One analyst sees disk drive makers, including Lake Forest’s Western Digital Corp., hitting a wall in 2010 after a big stock run-up in the past year or so.
“We feel the cyclical peak is approaching in 2010, and we don’t believe conditions can meaningfully improve beyond what is presently baked into the share prices,” said Stephen Simko, an analyst at Chicago’s Morningstar Inc.
Western Digital, which had a recent market value of around $9 billion, has seen its shares rise around 170% in the past 12 months.
Key rival Seagate Technology LLC of Scotts Valley is up more than 400% for the same period on a market value of roughly $10 billion.
Seagate is the top maker of disk drives by market share. Western Digital is No. 2.
Disk drive makers have benefited from a perfect storm of sorts—strong demand, stable prices and lean inventories.
“Shortages across the supply chain in the face of strong demand have led to peak utilization rates,” Simko said in a recent note to clients. “This in turn has actually pushed the prices of hard drives upward, which is very atypical for the industry. We believe this will translate into a very strong first half of 2010.”
But Simko doesn’t see shares rising much higher for the rest of the year.
“With the drive industry at its most profitable level in years, we feel it’s the wrong time to be searching for an entry point,” he said.
In early March, Western Digital said it has readied its first so-called solid state drive, which uses flash memory chips to store data instead of spinning disks.
The new drive—targeted toward corporations in markets such as automotive and transportation, communications infrastructure, video surveillance and industrial automation—stems from Western Digital’s $65 million buy of Aliso Viejo’s SiliconSystems Inc. a year ago.
Seagate, along with local players STEC Inc. of Santa Ana and Fountain Valley’s Kingston Technology Co., also make solid state drives.
Chip Outlook
The chip industry seems to be continuing its slow and steady recovery, according to recent data from the San Jose-based Semiconductor Industry Association.
In January, the most recent month available, chip sales totaled $23 billion, roughly flat from December’s sales but up 47% from January 2009.
“Worldwide semiconductor sales in January increased significantly compared to one year ago, reflecting today’s improving business environment for the industry,” association President George Scalise said. “January and February of 2009 were the low point of the industry downturn.”
This January’s sales could push some chipmakers to revise their outlooks upward, according to Patrick Wang, an analyst at Wedbush Securities LLC in San Francisco.
“We continue to see characteristics of a healthy cyclical recovery, confirmed by a strong start to 2010,” he said in a research note.
That’s good news for Orange County’s biggest chipmakers, which include Irvine’s Broadcom Corp., Irvine-based Microsemi Corp., Newport Beach’s Conexant Systems Inc. and others.
Broadcom Science Fair
Broadcom’s giving arm, the Broadcom Foundation, earlier this month teamed with the Irvine Public Schools Foundation to cosponsor the 29th annual Irvine Unified School District science fair.
Broadcom stepped in to help when it learned that cutbacks in the district’s budget put the science fair in jeopardy.

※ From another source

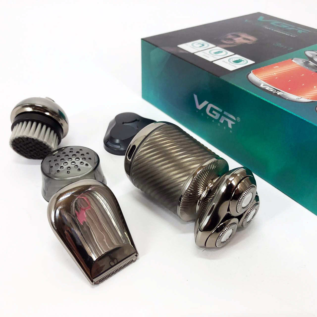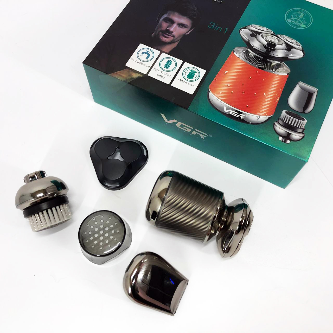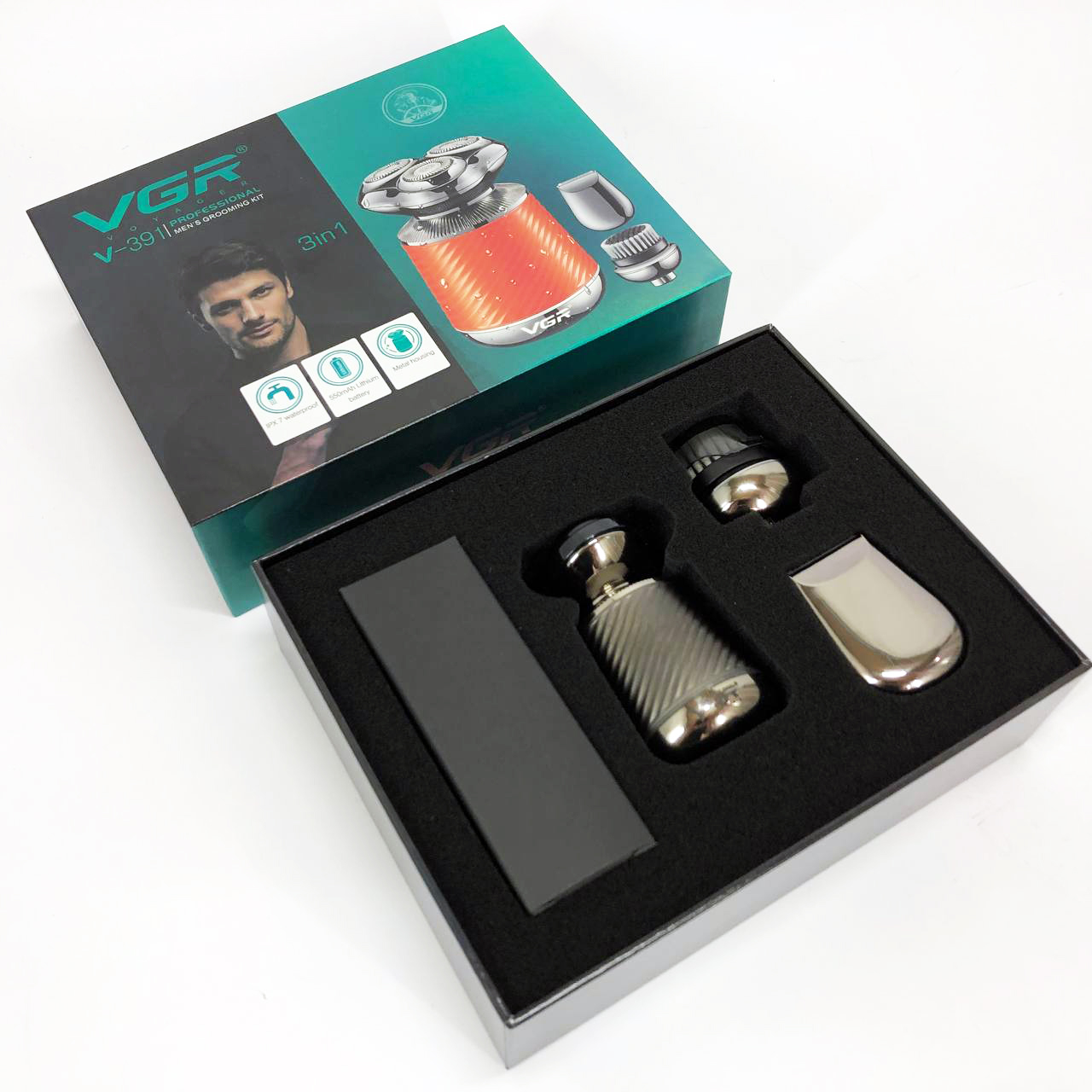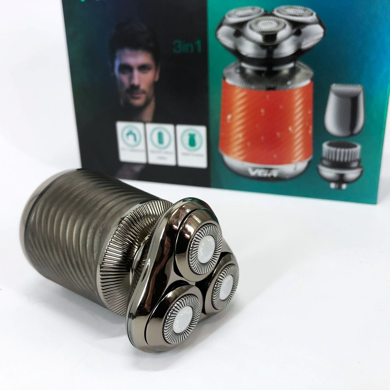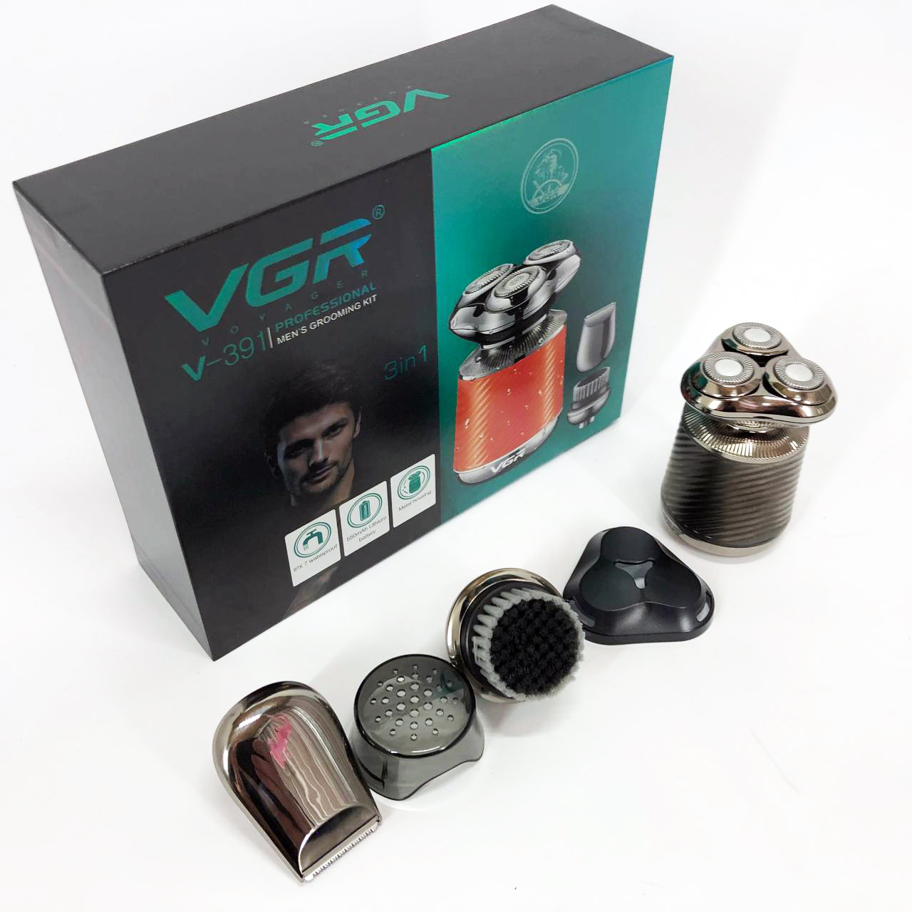 Електробритва VGR V-391 поєднує в собі три незамінні функції: електробритву, триммер і щітку для пілінгу. Завдяки плаваючим головкам, які повторюють кожен вигин вашого обличчя, ви отримаєте гладке і комфортне гоління навіть у важкодоступних місцях, таких як шия і підборіддя. Літієва батарея ємністю 550 мА*год забезпечує до 90 хвилин безперебійної роботи, а час заряджання становить лише 2 години.

The sponsorship marks the first education grant the foundation has made since it was formed last year.
Several Broadcom engineers went to the event and checked out the students’ projects, which were displayed at Northwood High School in Irvine.
Virtual Comdex
The Computer Dealer’s Exhibition—a onetime trade show known by most as Comdex—is rising from the ashes, sort of.
The electronics tradeshow is set to make a comeback this year in November, albeit as a digital version of its old self.
Here’s the spin from Everything Channel, a British unit of United Business Media Ltd.: “Virtual events are specially created online digital environments in which participants interact with online content or with other online participants as they would at live, face-to-face events.”
Everything Channel is set to produce a “digital version” of Las Vegas, where Comdex was held from 1979 until it folded in 2003.
At its peak, Comdex attracted more than 200,000 attendees from around the world.
It competed with the International Consumer Electronics Show, a yearly trade show in January that’s put on by the Consumer Electronics Association, an Arlington, Va.-based trade group.
More than two dozen Orange County tech companies exhibit at the Consumer Electronics Show each year, where they show off new products to media, customers and retail buyers.
The two trade shows sparred for years to attract the biggest exhibitors, celebrity names and tech gurus in order to lure more attendees.
The revamped Comdex is set to have a narrower scope, focusing on technology service providers, resellers and others in the information technology supply chain.
United Business Media bought the Comdex brand as part of its acquisition of MediaLive International Inc. for $65 million in 2006.